What is being asked: Could you reproduce, word for word, everything below from the line containing "Двуканална видеокамера за" down to the line containing "anh Nhân nói.", with both of those lines included and no others?

Records to process:
#####

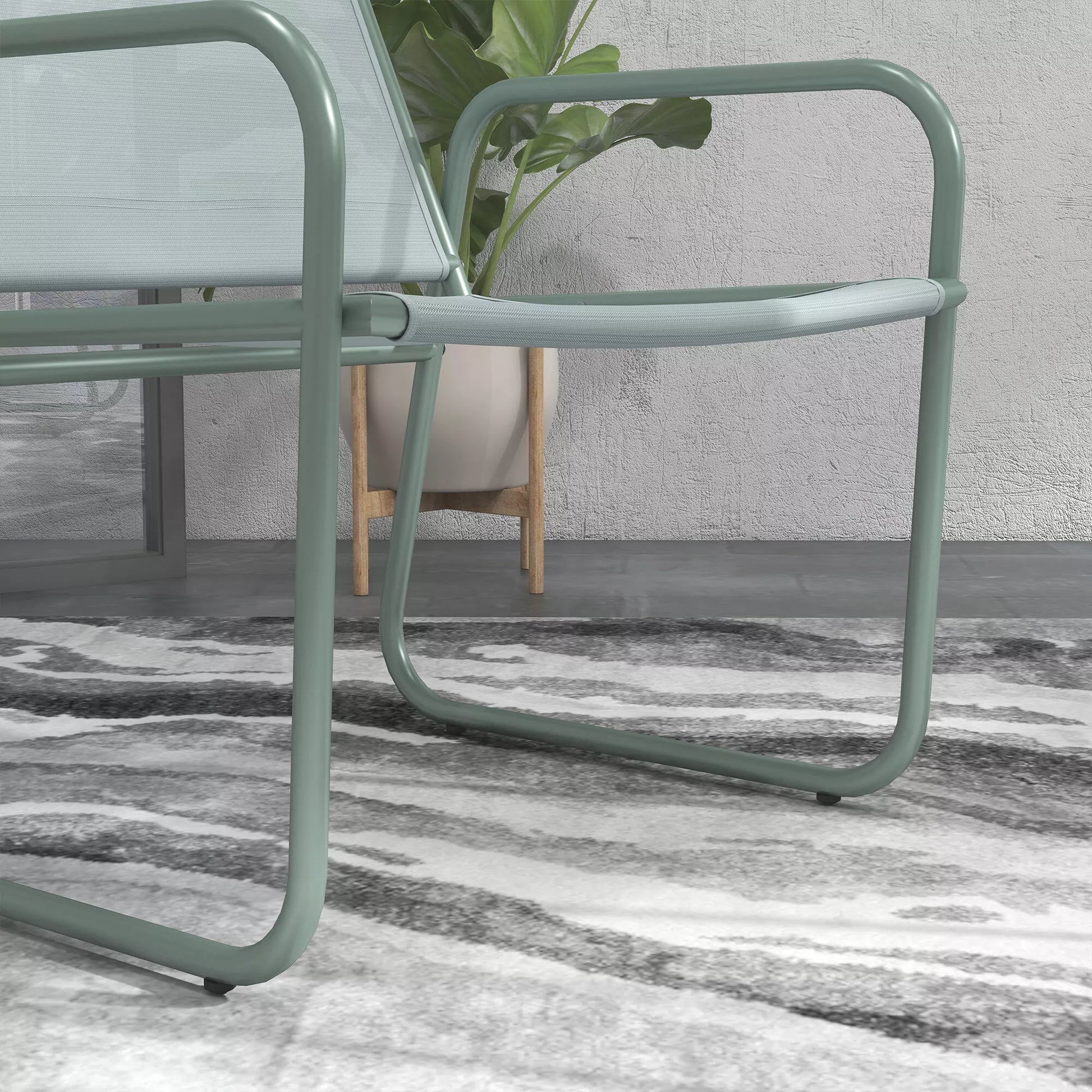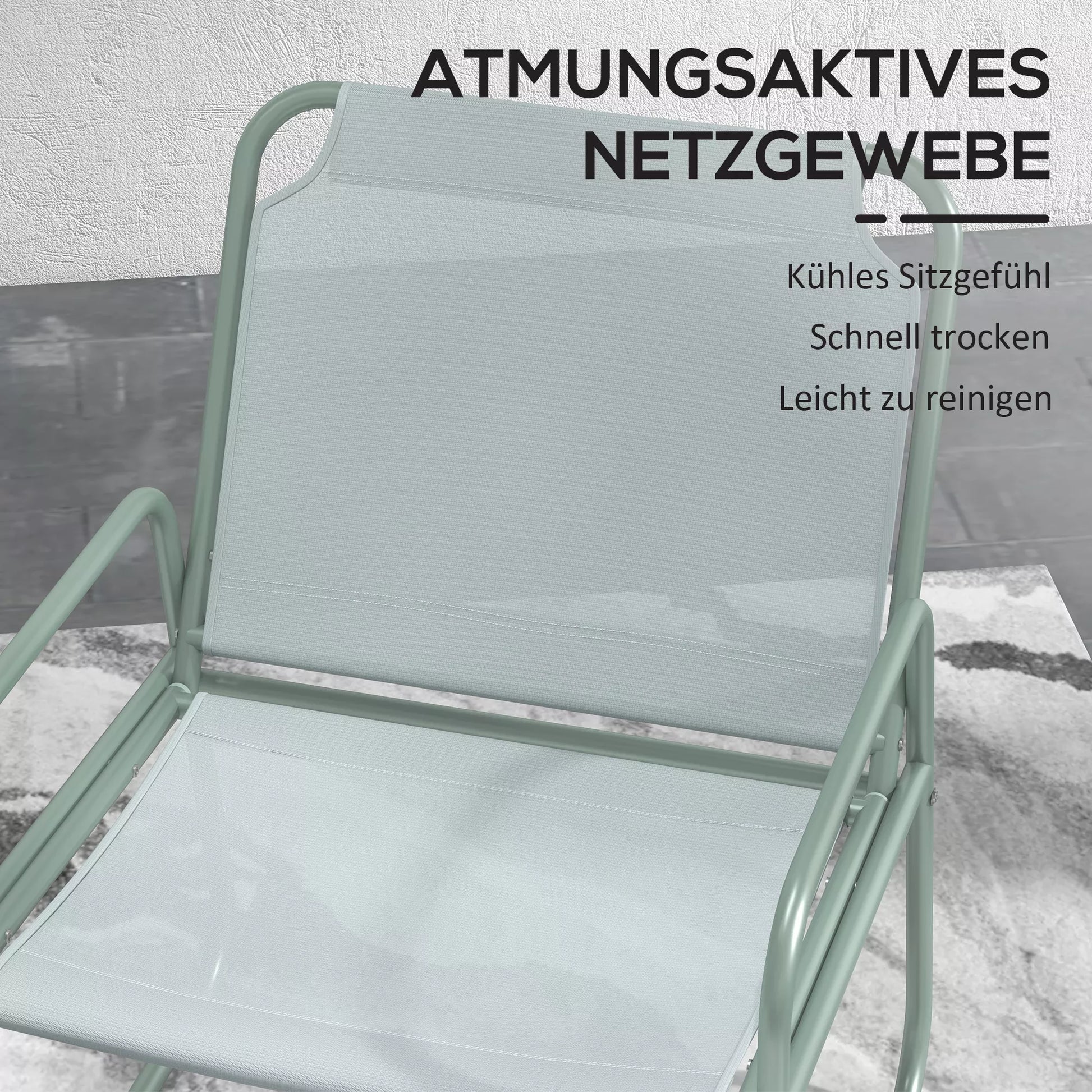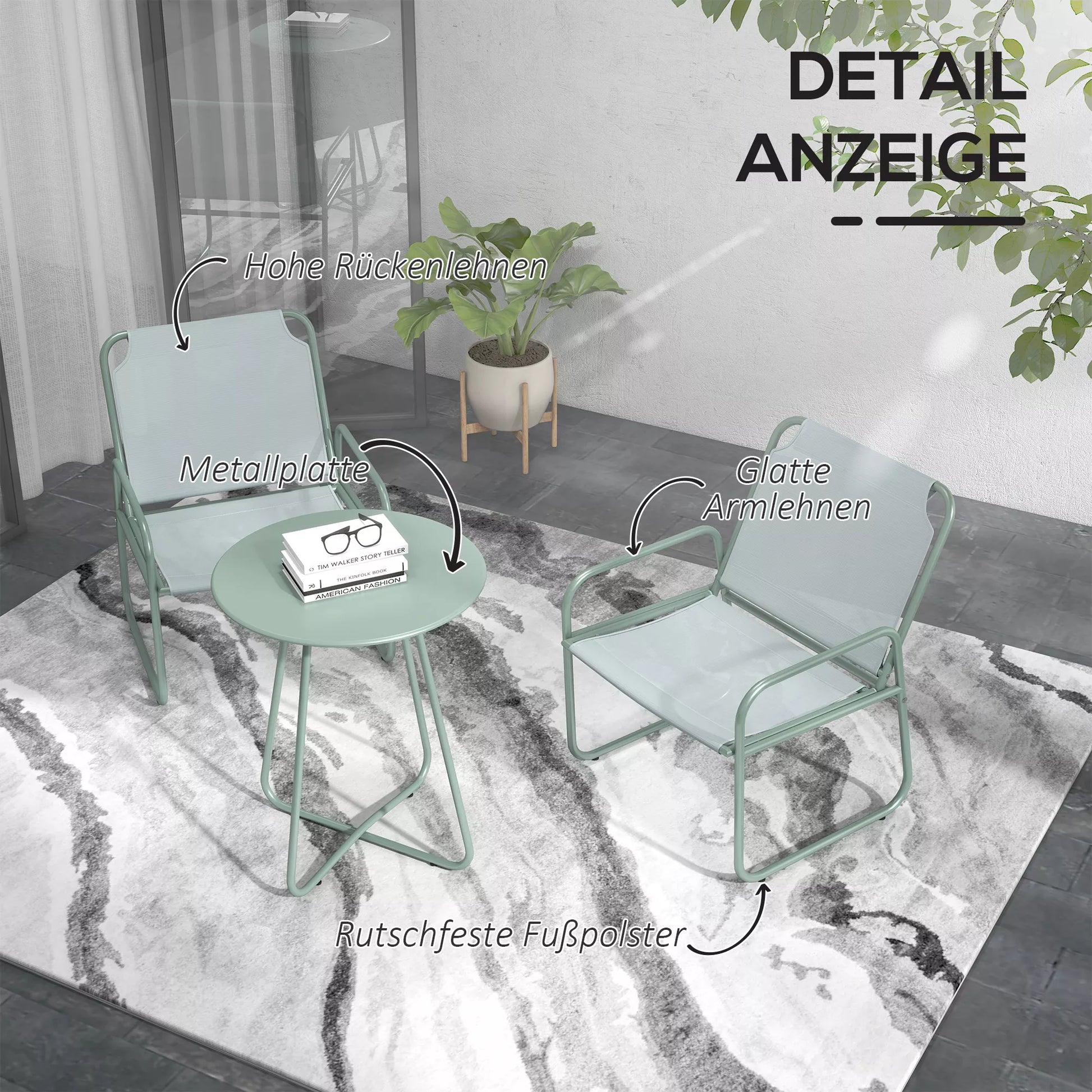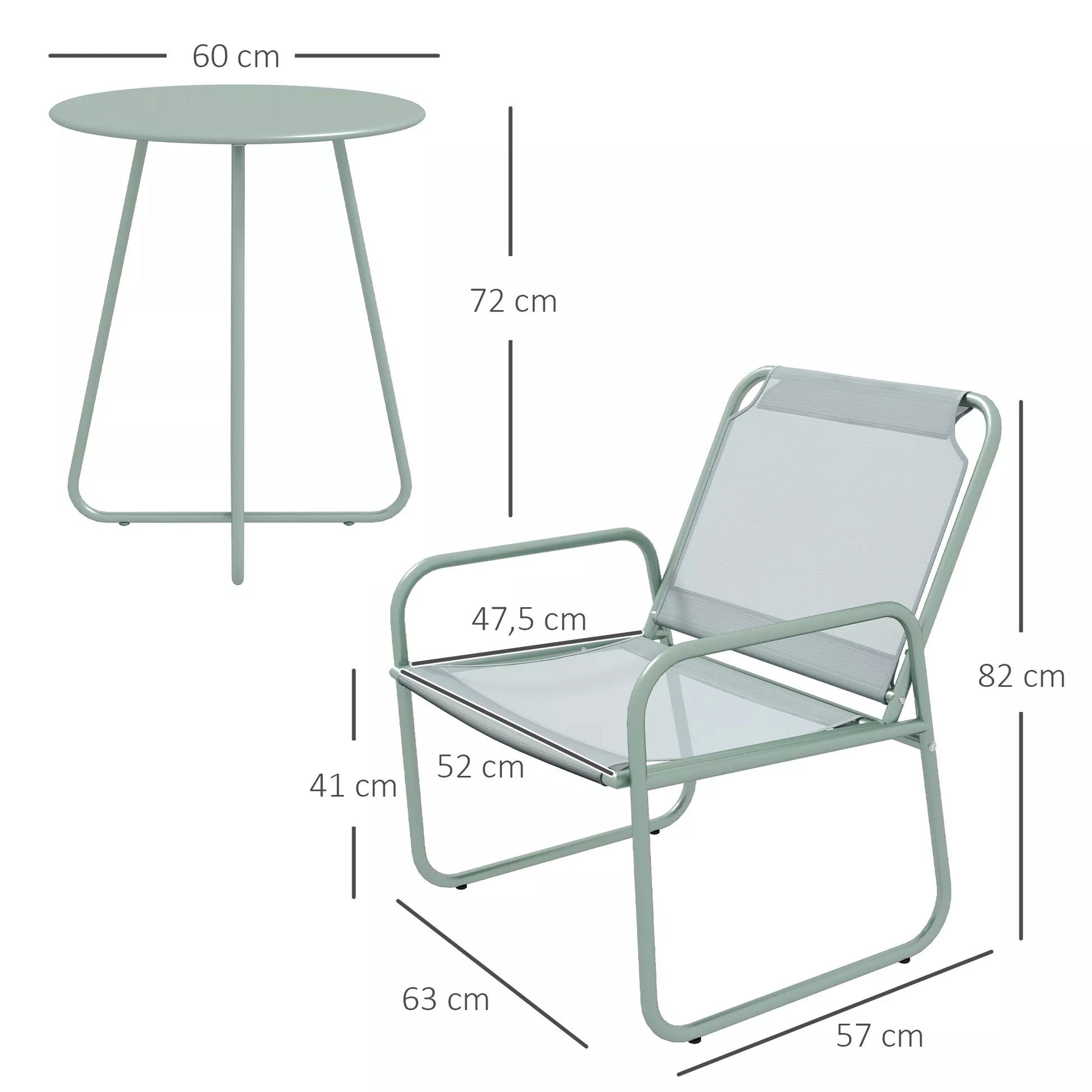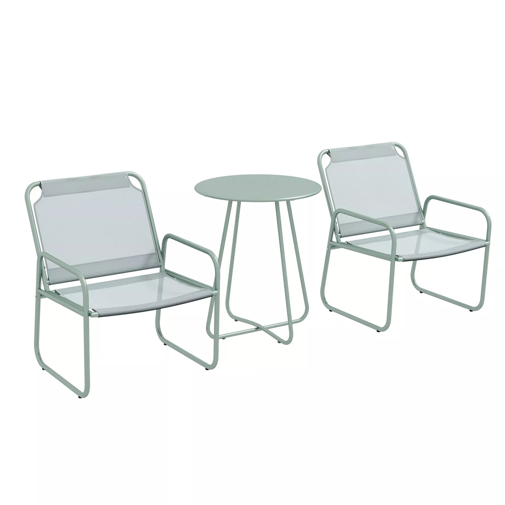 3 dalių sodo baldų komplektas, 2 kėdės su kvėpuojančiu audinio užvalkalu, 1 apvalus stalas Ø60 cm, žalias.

#####

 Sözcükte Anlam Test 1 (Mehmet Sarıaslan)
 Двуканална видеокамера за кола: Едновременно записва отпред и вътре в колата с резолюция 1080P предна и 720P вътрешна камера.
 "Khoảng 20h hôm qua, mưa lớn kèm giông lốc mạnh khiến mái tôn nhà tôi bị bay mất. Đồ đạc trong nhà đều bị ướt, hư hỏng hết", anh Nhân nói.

#####

Task result:
 Двуканална видеокамера за кола: Едновременно записва отпред и вътре в колата с резолюция 1080P предна и 720P вътрешна камера.
 "Khoảng 20h hôm qua, mưa lớn kèm giông lốc mạnh khiến mái tôn nhà tôi bị bay mất. Đồ đạc trong nhà đều bị ướt, hư hỏng hết", anh Nhân nói.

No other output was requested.